We caught up with the brilliant and insightful Yujin Oh a few weeks ago and have shared our conversation below.
Yujin, thanks for taking the time to share your stories with us today Let’s start with the story of your mission. What should we know?
The story behind Whimsy Art Club begins with a anxious kid who moved every three years.
Growing up as a military child, I was constantly starting over—Every 3 years my entire environment changed. Korea, Texas, the Philippines, St. Louis. Each move turned me from an outgoing kid into an anxious introvert, always wondering: *Will I fit in? Will anyone understand me?* You know that feeling of walking into a new place and hoping someone will just get you?
But through all that uncertainty, one thing remained constant: art class. It was my sanctuary—not because I was some art prodigy, but because art didn’t care if I talked differently or didn’t know the local references. I could just create. In those warm, welcoming rooms with kind teachers, I felt like I belonged somewhere for once. There was a connection there I rarely found anywhere else in school.
I followed the path many children of immigrant families take—work hard, aim high. After graduating from Rhode Island School of Design, I became an architectural Designer in NYC, climbed the corporate ladder, made good money for 12 years. All the traditional markers of success were there, but honestly? I kept thinking about those art rooms. Something was missing—that sense of creative sanctuary I’d found as a child.
Then I became a mom, and everything clicked into focus.
I started paying attention to how we talk about creativity with children, and I was struck by how quickly we decide who’s “the creative one” and who isn’t. I’d watch art classes where kids were basically just copying examples, and I kept thinking—where’s the actual thinking? Where’s the curiosity? What if we actually treated kids like they have something meaningful to say through their art?
As someone who had been that anxious kid needing a safe space, and now as a parent watching my own child navigate these creative limitations, I realized I had to do something.
2024, I finally took the courage & left my job as a project designer in a real estate/developer company and found Whimsy Art Club. We don’t just teach art techniques—we explore big ideas through making. Instead of drawing a tree, we might talk about how trees actually communicate with each other underground, explore Indigenous symbolism, or discuss what it means to feel rooted in a place. Then we create art that reflects those deeper connections.
We use storytelling, guided questions, and open-ended materials to turn each lesson into a conversation. Our students aren’t just following steps—they’re discovering, interpreting, and expressing. Sometimes they build wearable art, sometimes they design inventions, sometimes they create protest posters. Every class becomes an experience with real-world context.
My mission is rooted in what I needed as a child and what I see kids needing now: a warm, welcoming space where every child—whether wild, shy, loud, quiet, or mischievous—feels seen and celebrated. Where they can explore their natural abilities as philosophers, problem-solvers, and dreamers through creative thinking. Where what they create has meaning beyond the page.
Because I remember what it felt like to need that space. And I know how powerful it is to be given room to create, explore, and just be yourself.

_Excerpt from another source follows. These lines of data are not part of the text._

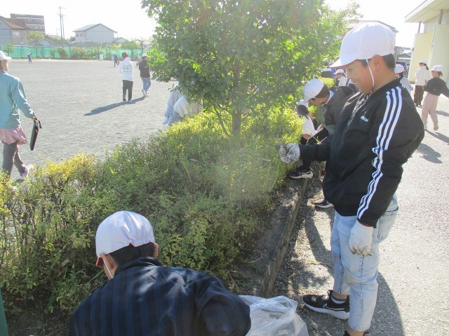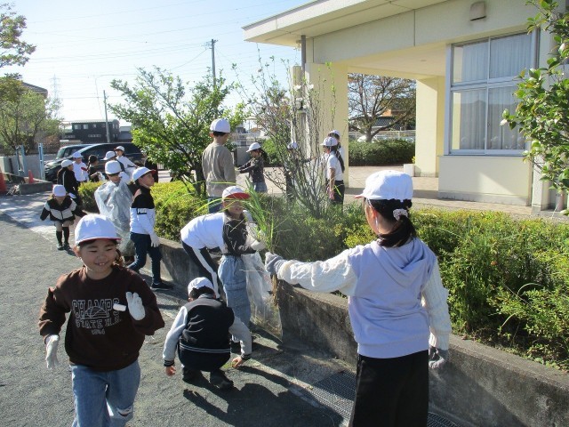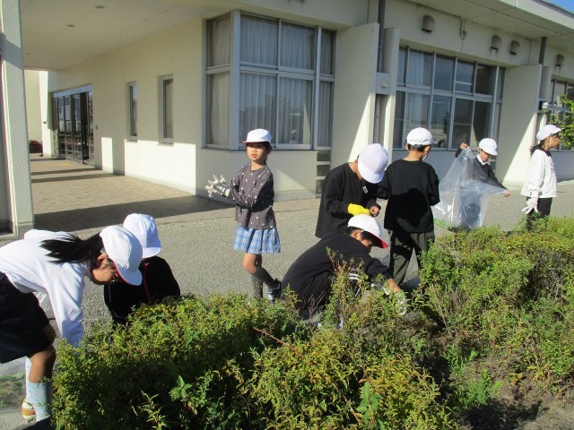 校内美化を目的に、3年生の子どもたちで草取りを行いました。美しい学校環境づくりに貢献しようと、子どもたちはとても頑張って作業をしてくれました。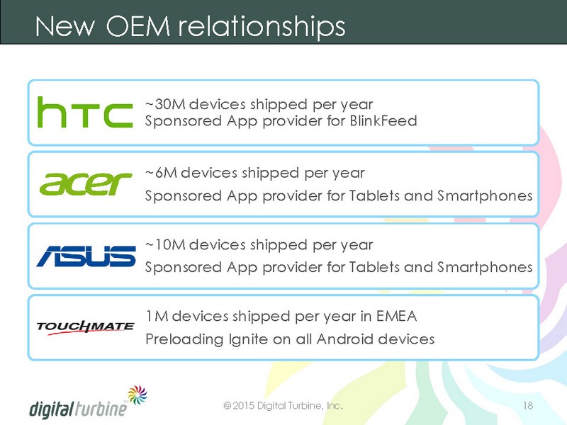 Operators and Distributors Leveraging the DT Media Platform © 2015 Digital Turbine, Inc. 17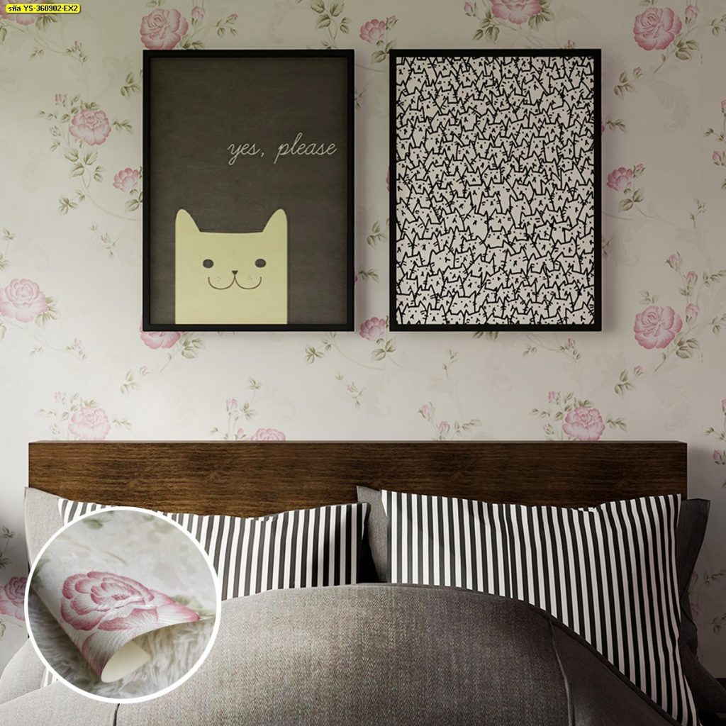 วอลเปเปอร์ติดผนังโทนสีครีม ลายดอกกุหลาบสีชมพู รหัส YS-360902
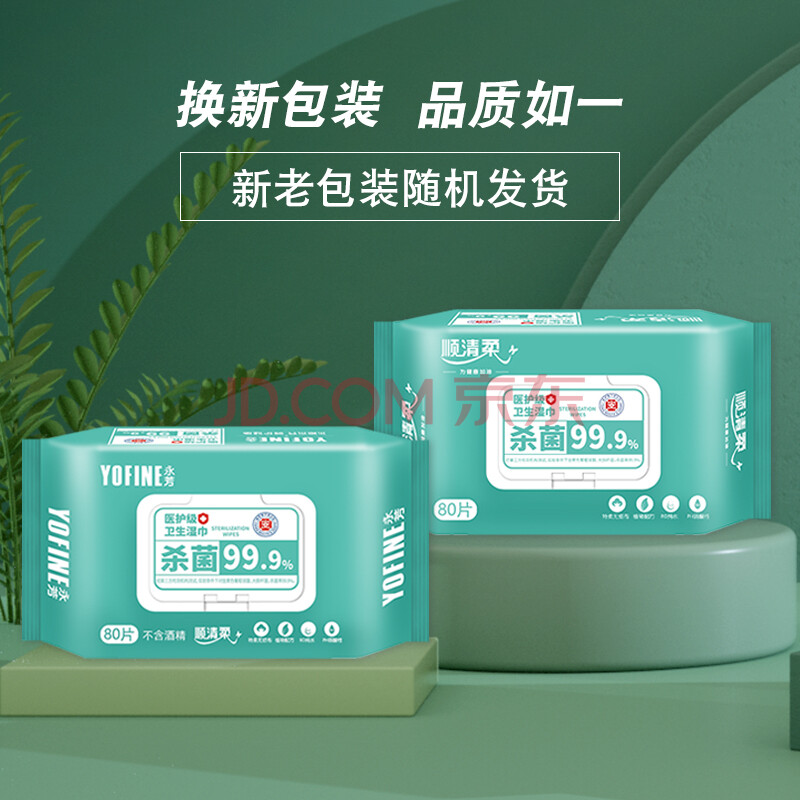 商品相册:顺清柔湿巾80片*4包 永芳医护级双盖防挥发洁肤清洁湿纸巾无香整箱装第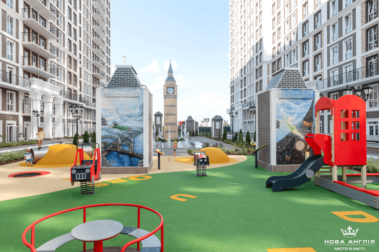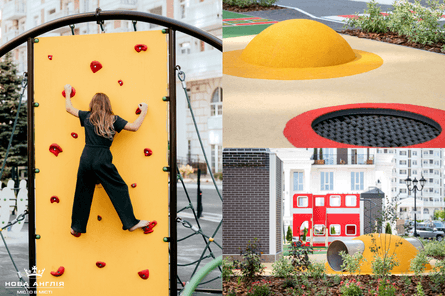 Таким образом ЖК "Новая Англия" выполняет важную социальную функцию для украинского общества. Ведь дети – наше будущее, и каким оно будет зависит от гармоничности их развития. А функционал детских площадок в современных условиях играет одну из важнейших ролей в этом аспекте и, безусловно, требует новых решений

Awesome – so before we get into the rest of our questions, can you briefly introduce yourself to our readers.
My name is Yujin & I’m the founder of Whimsy Art Club, and my path here has been anything but traditional. After 12 years as an architectural designer in NYC’s fast-paced corporate world, I found myself drawn back to the creative sanctuary I’d found in art classes as a military kid who moved constantly. That personal experience of needing belonging, combined with watching how early we label kids as “creative” or “not creative,” led me to create something different in children’s art education.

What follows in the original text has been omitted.